ETHIOPIA · MARKETS
Key Facts
—The milestone: Ethiopia is set to publish its first-ever stock market index by the end of June.
—The backstory: One of Africa’s biggest economies had no stock exchange at all until 2025.
—The exchange: The Ethiopian Securities Exchange now hosts its first listings, led by Ethio Telecom.
—The pipeline: Regulators are targeting nine listings by 7 July, with more than 70 prospectuses under review.
—Why it matters: An index gives global fund managers a way to track and invest in a 120-million-person economy.
—The driver: It is the latest step in Ethiopia’s cautious opening of a long-closed economy.
Ethiopia is about to publish its first stock market index, a milestone for a country that had no exchange at all until last year. The young Ethiopian Securities Exchange is opening one of Africa’s largest economies to global investors for the first time.
Why this matters
For outsiders, the headline is striking: until 2025, Ethiopia had no stock market. One of Africa’s most populous nations, with more than 120 million people, ran its economy without one.
That is now changing fast. A first market index, due by the end of June, will give investors a single number to track the new exchange’s performance.
An index is more than a scoreboard.
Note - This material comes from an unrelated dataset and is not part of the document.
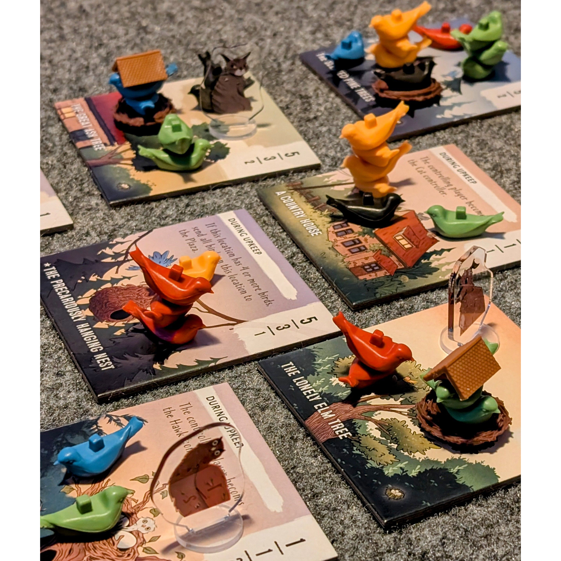 Players fight for control of locations by commanding birds of their own, and other players’ flocks. Earn points and command woodland creatures by having the most birds on a location, pushing your foes off the perch, and breaking ties to take the lead.

It is the tool fund managers use to benchmark, build products and decide where to put money.
Most countries built stock markets generations ago. That Ethiopia is doing it only now is a measure of how state-controlled its economy has long been.
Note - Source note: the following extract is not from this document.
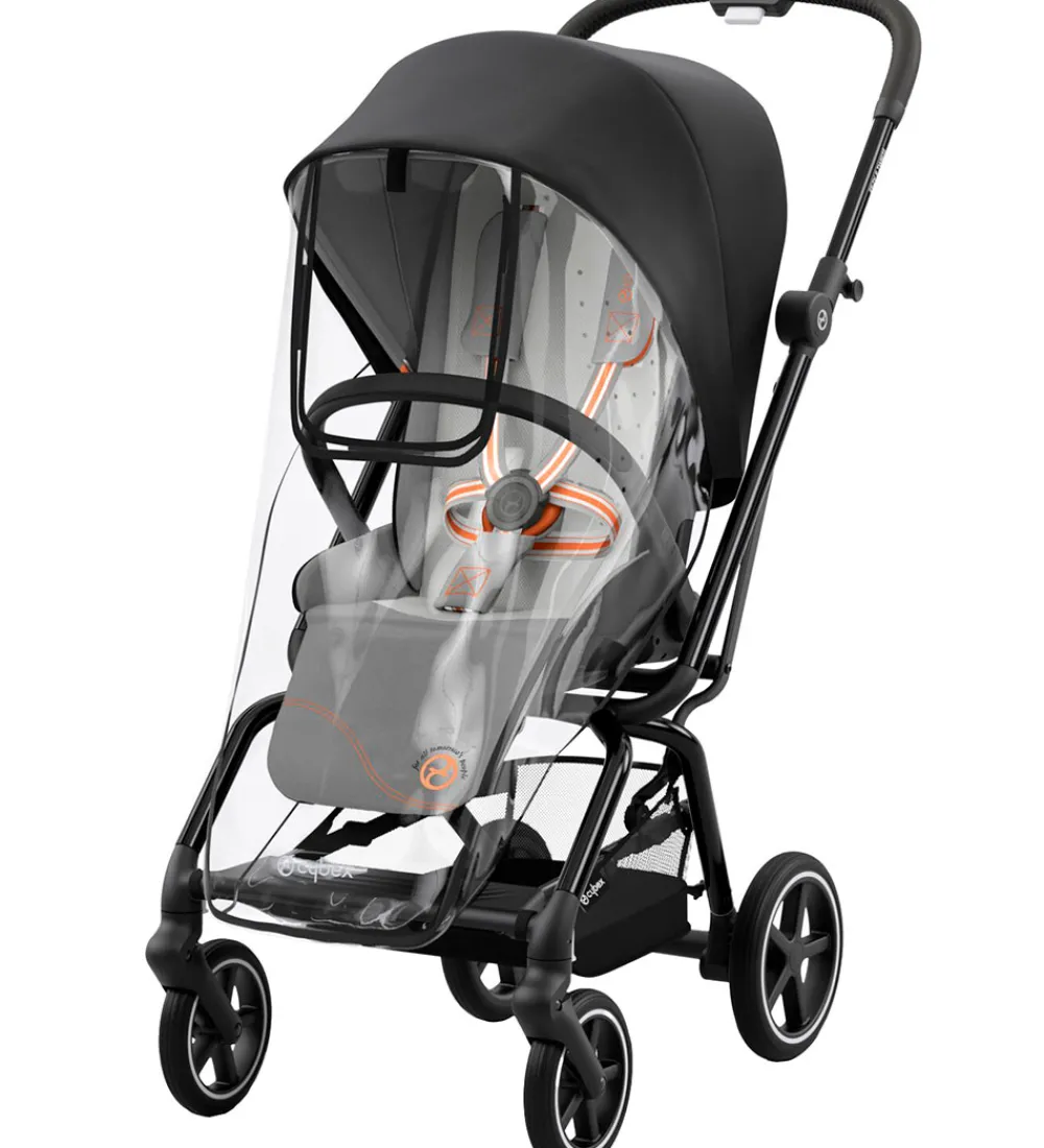 Praktisk Cybex regnslag i sort og med en front af gennemsigtigt PU.

What the Ethiopian Securities Exchange has built
The Ethiopian Securities Exchange opened in 2025 after years of preparation. It is the centrepiece of a wider push to modernise the economy.
Its marquee listing so far is Ethio Telecom, the state telecoms operator, partly privatised and floated to the public. Nearly 47,400 investors bought shares worth about $20 million.
Three companies now trade on the exchange, including two banks. The first index will track the banking-heavy main board.
The exchange was decades in the making, repeatedly promised and delayed. Its arrival ranks among the most consequential financial reforms in the country’s history.
A rush of listings
The exchange is not standing still. Four more financial institutions are preparing to list in the coming weeks.
Regulators are aiming for nine listings before the Ethiopian fiscal year ends on 7 July. More than 70 company prospectuses are under review.
That pipeline matters. A market with only a handful of stocks is thin; a steady flow of listings is what makes it investable.
The bigger story: a closed economy opening
The exchange is part of a broader liberalisation under Prime Minister Abiy Ahmed. Ethiopia has been opening sectors long shut to private and foreign capital.
The government floated its currency in 2024 and began opening banking and telecoms. The stock market is the capstone of that shift.
For our readers, the pattern is familiar from frontier markets elsewhere: a state-led economy cautiously inviting private money in.
Ethiopia is Africa’s second-most-populous country and one of its fastest-growing economies. A working capital market lets it raise money at home, not only from foreign lenders.
What it means for investors
A new exchange with an index is an opening, not a finished market. Liquidity is low, listings are few and the rules are still being written.
But that is also the appeal. Early entrants to a frontier market can capture growth before it is priced in, if they accept the risks.
For frontier-market funds, a new exchange is a rare find: a market being built from scratch. The ground floor is exactly what they hunt for.
Access is improving. International investors can increasingly take part through licensed local brokers, though currency and political risks remain.
The risks
Ethiopia’s promise comes with caveats. The country is recovering from conflict, carries heavy debt and has wrestled with high inflation.
Foreign-currency shortages have long made it hard to move money in and out. How freely investors can repatriate profits will shape appetite.
Ethiopia also restricts foreign ownership in some sectors. The fine print on who can buy what is still being settled.
A young exchange is also untested in a downturn. Its resilience will only be proven over time.
What to watch next
The immediate marker is the index itself, due by the end of June. Its launch turns the exchange from a list of stocks into a tracked market.
After that, watch the pace of listings and whether foreign investors actually arrive. Numbers, not announcements, will tell the story.
Either way, a threshold has been crossed. Ethiopia now has a stock market, and will soon have a single number to track it by.
The deeper test is Ethiopia’s reforms holding. The market will rise or fall with the wider opening of the economy.
Frequently asked questions
What is the Ethiopian Securities Exchange?
It is Ethiopia’s stock market, which opened in 2025 after the country spent decades with no exchange at all. It now hosts its first listings, led by Ethio Telecom.
Why does Ethiopia’s first stock index matter?
An index gives investors a single benchmark to track the market and build products around. It is a key step in opening one of Africa’s biggest economies to global capital.
How many companies are listed?
Three companies currently trade, including two banks, with the first index tracking the banking-heavy main board. Regulators are targeting nine listings by 7 July 2026.
Can foreign investors buy in?
Access is improving through licensed local brokers, but currency shortages and political risk remain. Repatriating profits has historically been difficult in Ethiopia.